As the street continues to pass by the ocean it goes through a canyon of high rise hotels and condos which sell out through the spring and much of the summer. The tri-tower Breakers are typical of many who are popular with generations of Myrtle Beach fans. It offers a spacious view of the water with an outdoor room/patio overlooking the sun and the fun with views up and down the no-car beach. There is a small refrigerator, two flat screen TVs and even a table for nightly card games. In short, it’s everything you need for a successful buddies or family golf trip.
There is an indoor swimming pool, kids play area and whirlpool along with an outdoor version, a wooden pathway to the beach, workout facilities and a dry sauna.
Across the street is a breakfast buffet hall which is served free to all package hotel guests starting usually before the sun comes up to get you ready for the day. The Starbucks is right next door if you need some more portable caffeine to go.
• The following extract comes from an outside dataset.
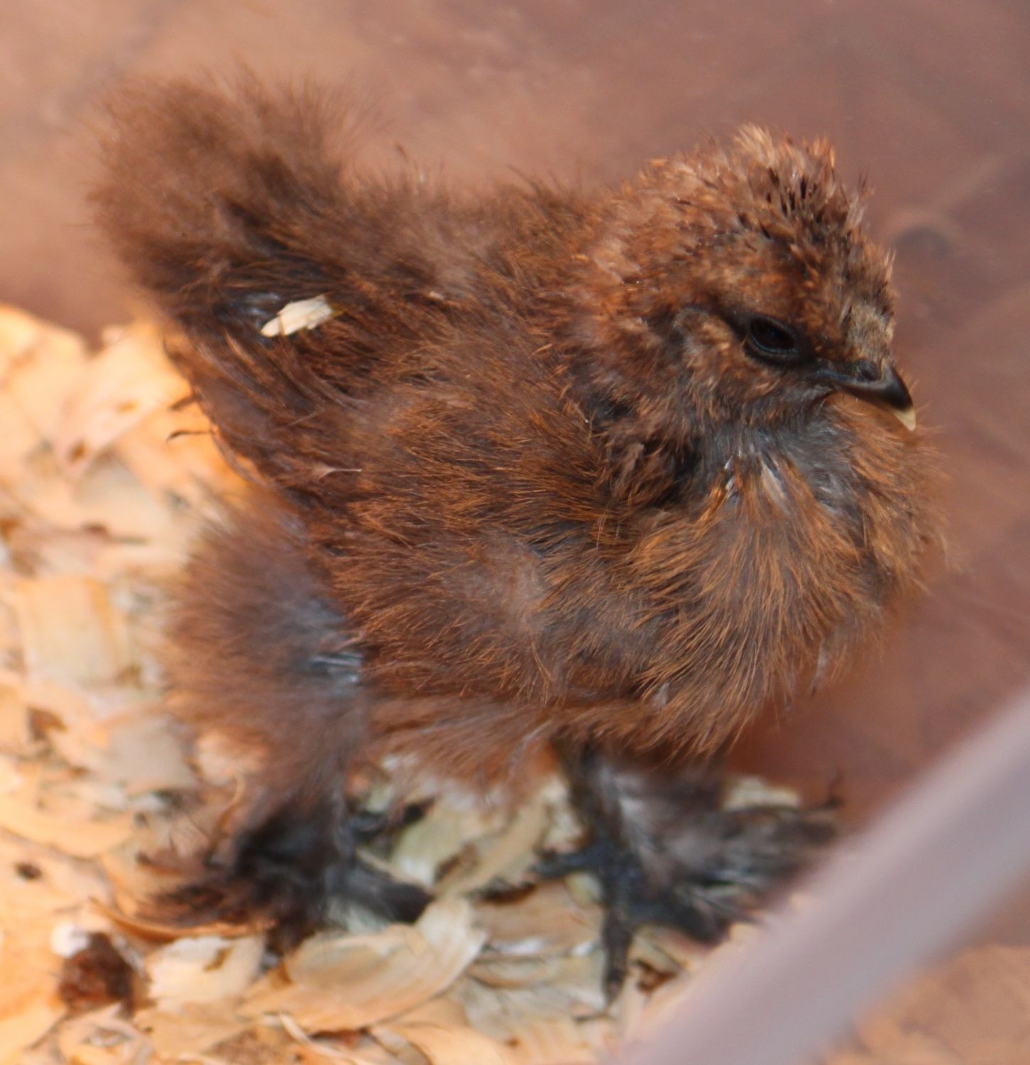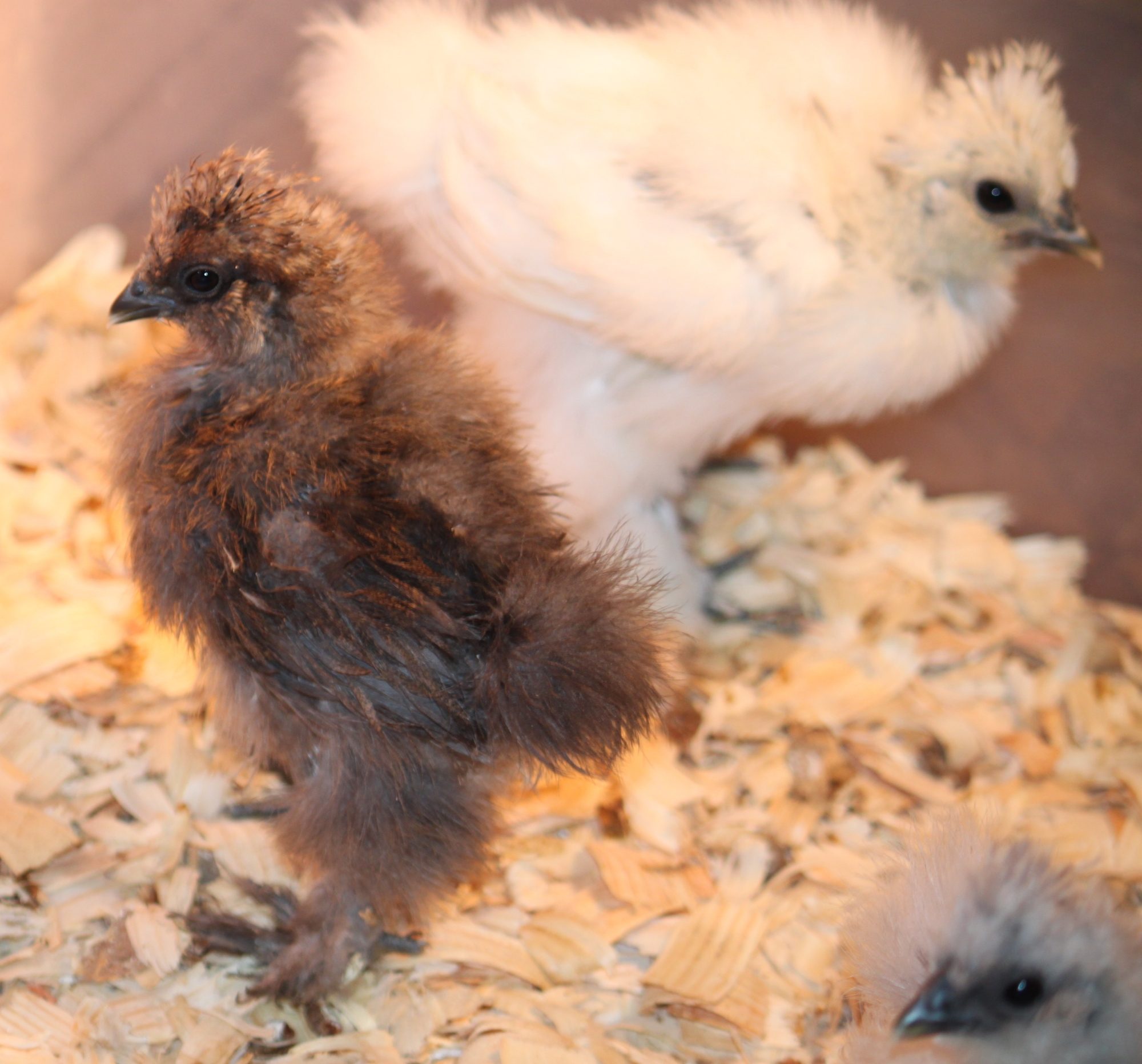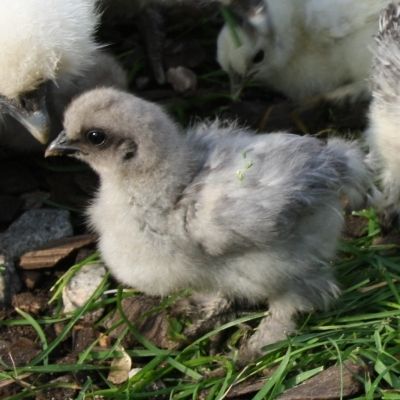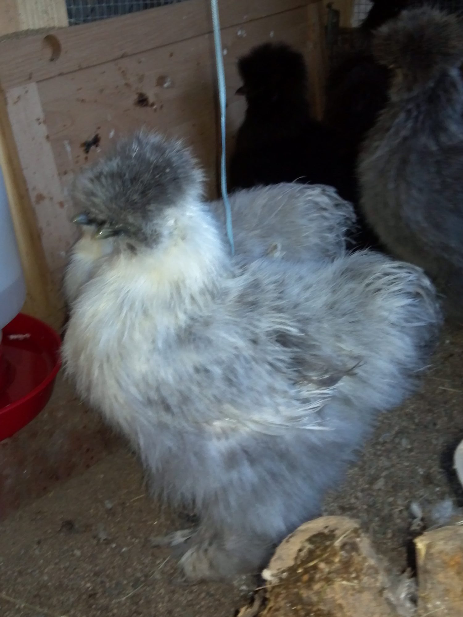 My silkie chicks...4 weeks tomorrow :) I have one I'm unsure of the color, thinking blue partridge, but I'm not sure. This is a tiny bird, came from an itty bitty egg I never thought would make it to maturity and at the end had to help hatch. What color do you think 'she' is?

Of course Myrtle being Myrtle, the soft serve ice cream and the T-shirt shops are only a few hundred feet way. The tattoo shop is just a little farther down and the Baptist Church and mini-golf course are still within walking distance. The laser tag, rock climbing and giant slide are just bus stops away.
But for high quality and low prices, fried seafood overlooking the water and seeing where the country group Alabama once played on the boardwalk, Myrtle Beach is still the king.